» Exercise goal
The data below is to be transcribed word for word; pictures are to be excluded.

» Recorded data
■ ■ ■ ■ ■

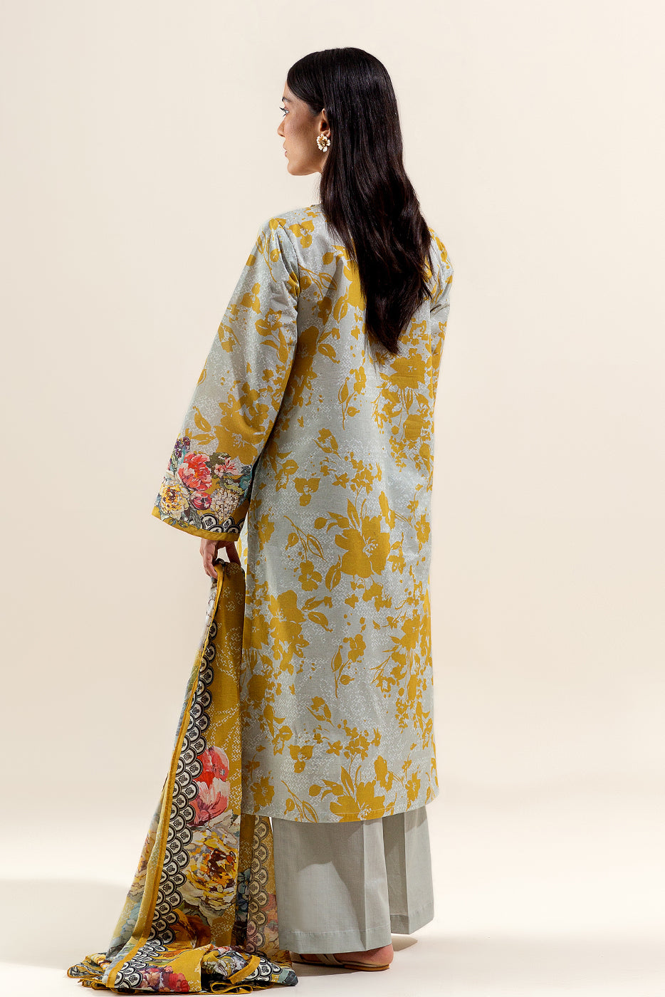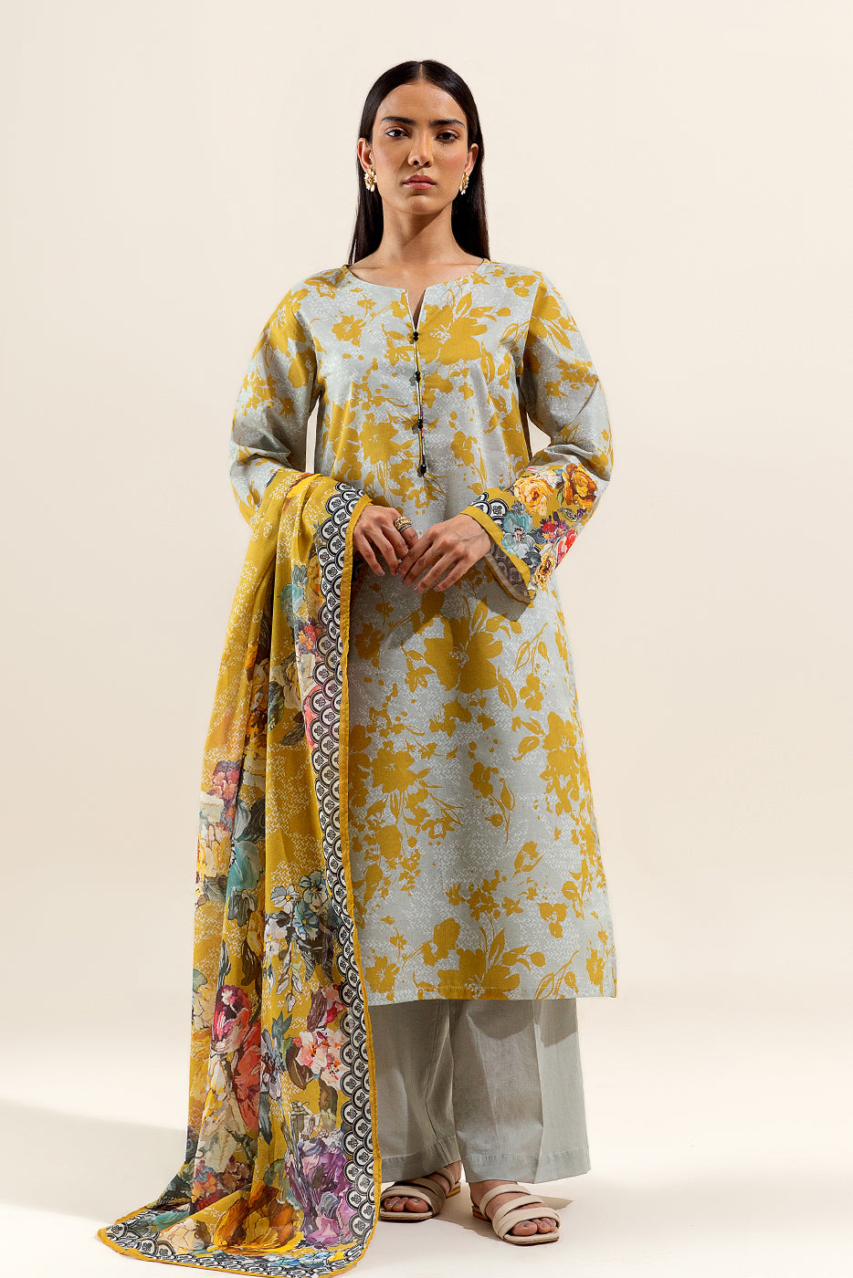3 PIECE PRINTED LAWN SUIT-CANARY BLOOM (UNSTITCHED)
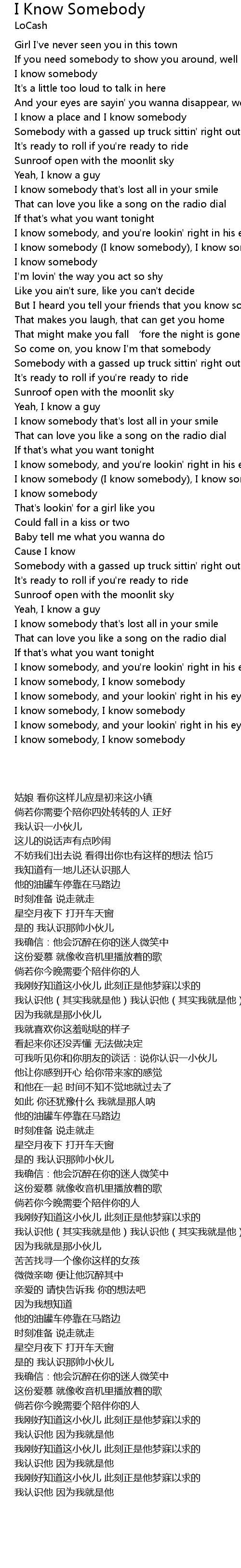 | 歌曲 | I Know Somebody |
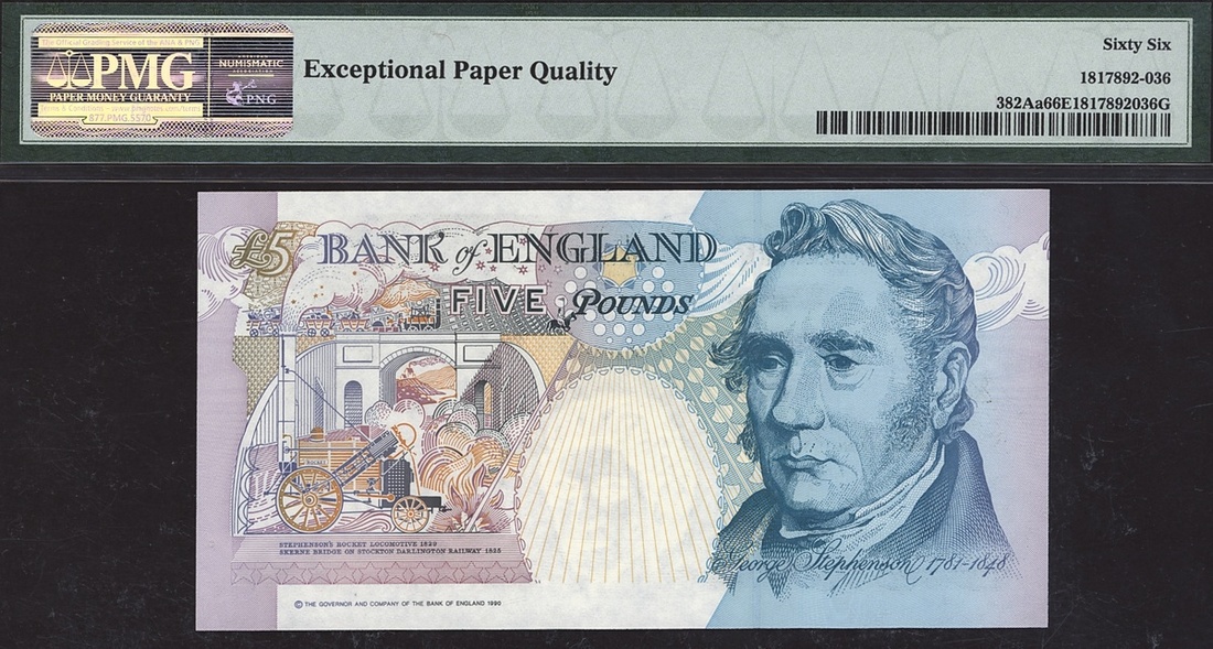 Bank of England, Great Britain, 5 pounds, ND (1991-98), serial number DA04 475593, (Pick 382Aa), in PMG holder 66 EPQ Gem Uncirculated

■ ■ ■ ■ ■

» Reply
3 PIECE PRINTED LAWN SUIT-CANARY BLOOM (UNSTITCHED)
 | 歌曲 | I Know Somebody |
 Bank of England, Great Britain, 5 pounds, ND (1991-98), serial number DA04 475593, (Pick 382Aa), in PMG holder 66 EPQ Gem Uncirculated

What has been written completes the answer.